While in Gaza, I had the opportunity to visit Al-Shifa Hospital with a UN delegation. What once was Gaza’s largest and most vital medical centre was reduced to ruins. The hospital that was once a symbol of hope and healing had become a symbol of death and destruction, of the deliberate dismantling of healthcare. It was beyond heartbreaking to see its charred, bombed-out remains.
I stayed in Gaza for 22 days. It was an absolute honour to visit, serve and learn life from the resilient people of Gaza. Their relentless courage and determination will stay with me until I die.
Despite witnessing what I could have never imagined, I did not have the urge to leave. I wanted to stay. Back in the United States, I felt profound guilt that I left behind my colleagues and my patients, that I did not stay, that I did not do enough.
Feeling this constant heartache, I cannot understand the growing number of people who are accustomed to the daily reports of Palestinian deaths and images of torn bodies and starving children.
As human beings and as health workers, we cannot quit on Gaza.
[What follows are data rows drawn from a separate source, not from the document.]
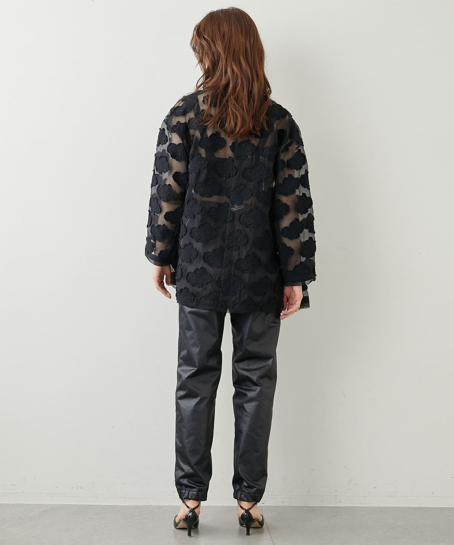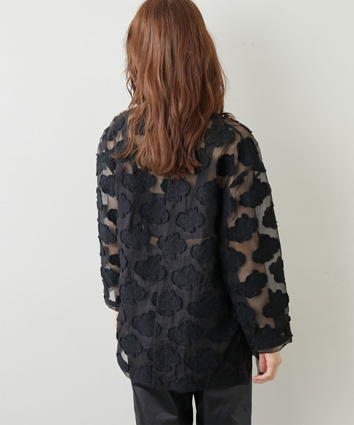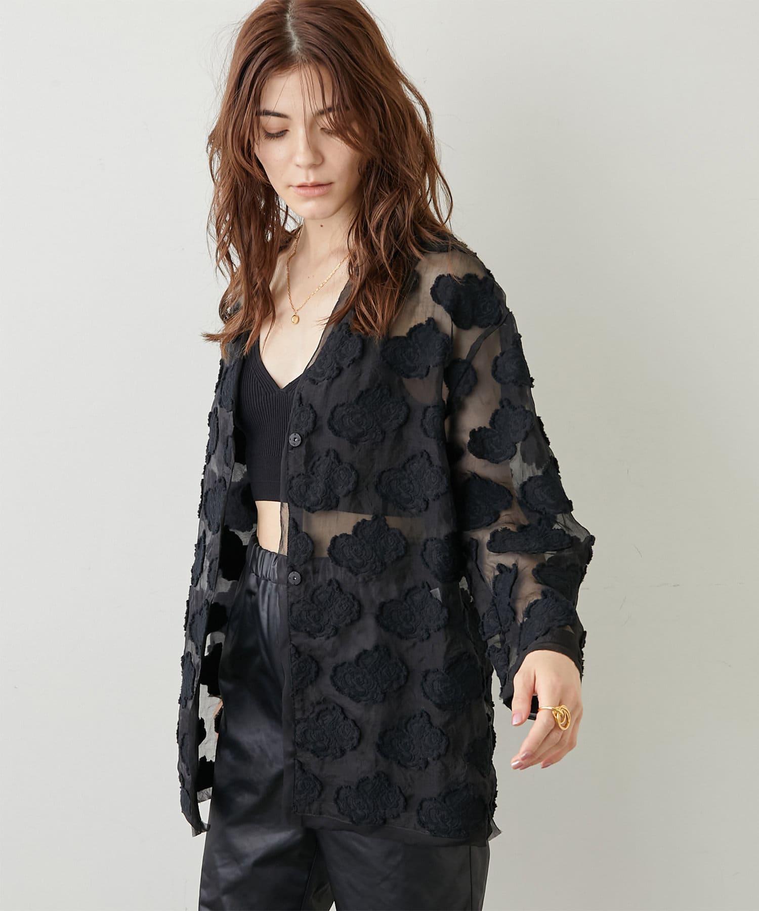 ■しっかり透け感のある風合いで、インナーに合わせるアイテムやカラーによって異なる雰囲気を楽しめる一枚。
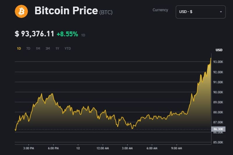 Con una suba cercana al 9% en las últimas 24 horas, Bitcoin (BTC) se posiciona en torno a u$s 93.376. A la par, el mercado augura por una prolongación de esta racha alcista.
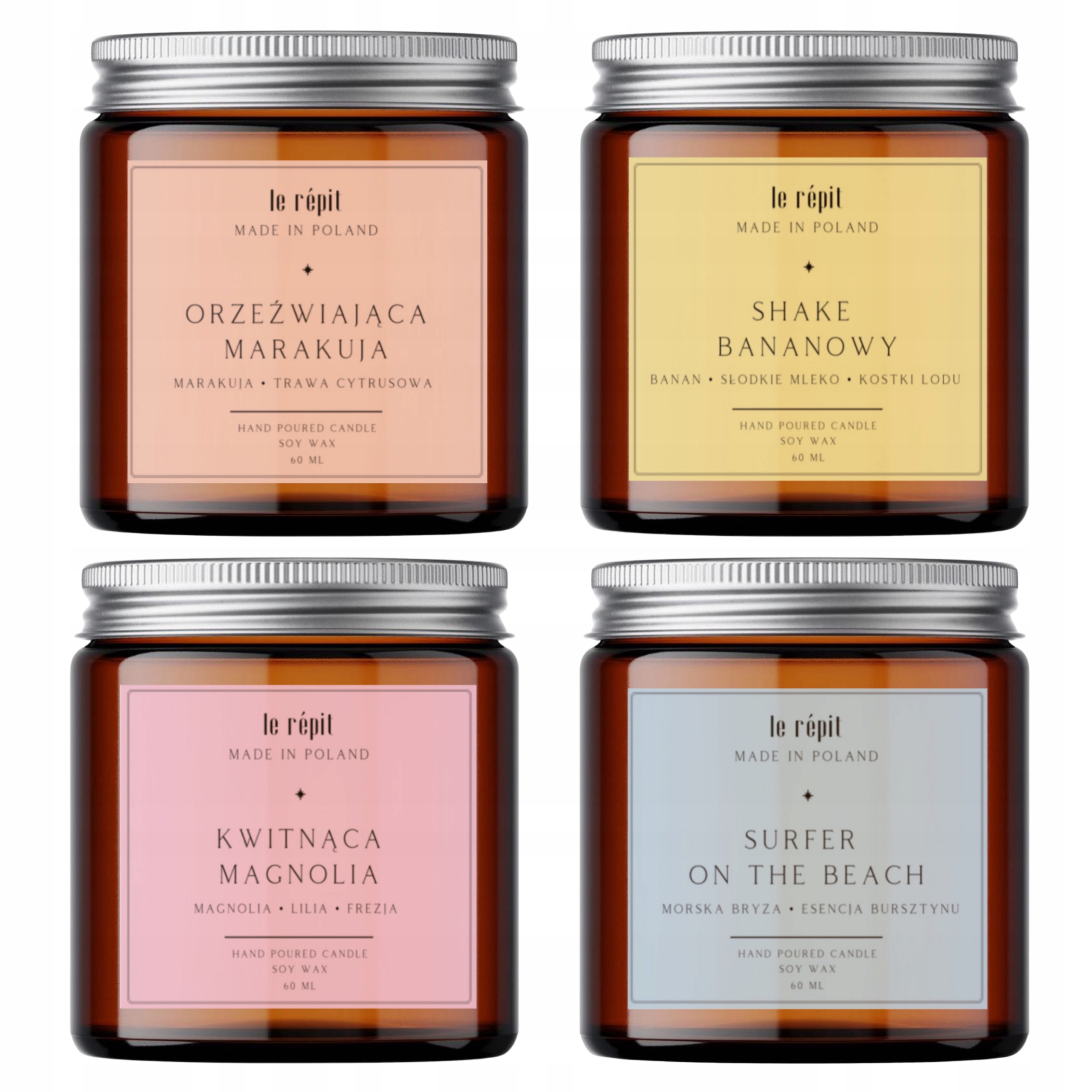 Ми представляємо перший варіант, який склав індивідуальний набір соєвих свічок le repit 4 x 60 мл. Ми надсилаємо товар у подарунковій упаковці. Будь ласка, вкажіть вибрані ароматизовані варіанти свічок у полі "скарга на покупку"):
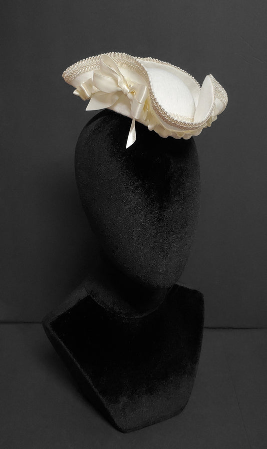 Beautiful White and Ivory Wedding Mini Tricorn Pirate Hat ~ Made to Order
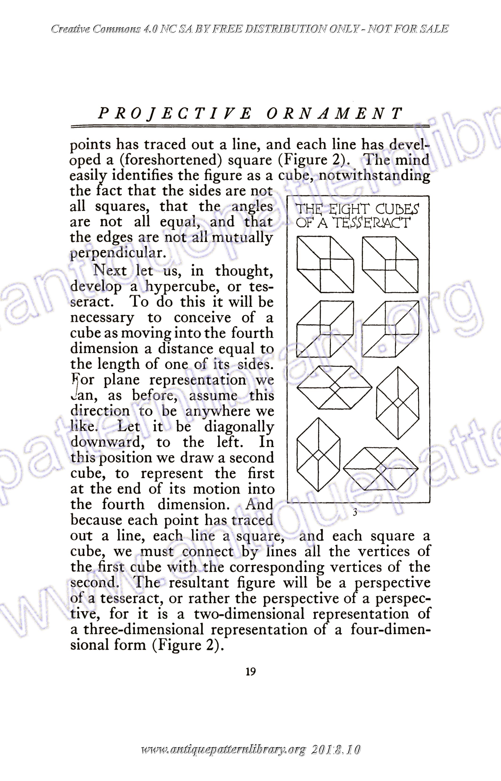 92 pages. The metaphysical background aside, this is a good book to learn about application of geometric figures in ornament design. Two-dimensional projections of four-dimensional objects are explained and illustrations show how these might be applied. Suitable for quilting, leaded glass, wood inlay work, mosaic, embroidery, application work.
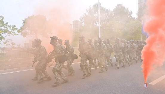 随着教官一声令下,新生们身着迷彩服,全副武装,踏上了征途。在遭遇“化学武器袭击”时,他们迅速穿戴好防护装备,有序通过“染毒地带”,展现了良好的心理素质和应对能力。沿途,新生们还经历了敌机侦察、炮火封锁区等模拟战术环境,展现了坚韧不拔的战斗精神。

We cannot stay silent and passive. We must speak out and act on the devastation of healthcare and attacks on our colleagues in the Gaza Strip.
Already fewer and fewer healthcare workers are being allowed to enter Gaza on medical missions. The current blockade has prevented all medical supplies from going in.
We, as healthcare professionals, must mobilise to demand an immediate lifting of the siege and free access to medical missions. We must not stop volunteering to help the struggling medical teams in Gaza. Such acts of speaking out and volunteering give our colleagues in Gaza the hope and comfort that they have not been abandoned.
Let us not allow Gaza to be just a symbol of destruction. Instead, let it be the example of unbreakable spirit.
Stand, speak and act – so history remembers not just the tragedy but also the triumph of human compassion.
Let us uphold human dignity.
Let us tell Gaza, you are not alone!
Humanity is on your side!
The views expressed in this article are the author’s own and do not necessarily reflect Al Jazeera’s editorial stance.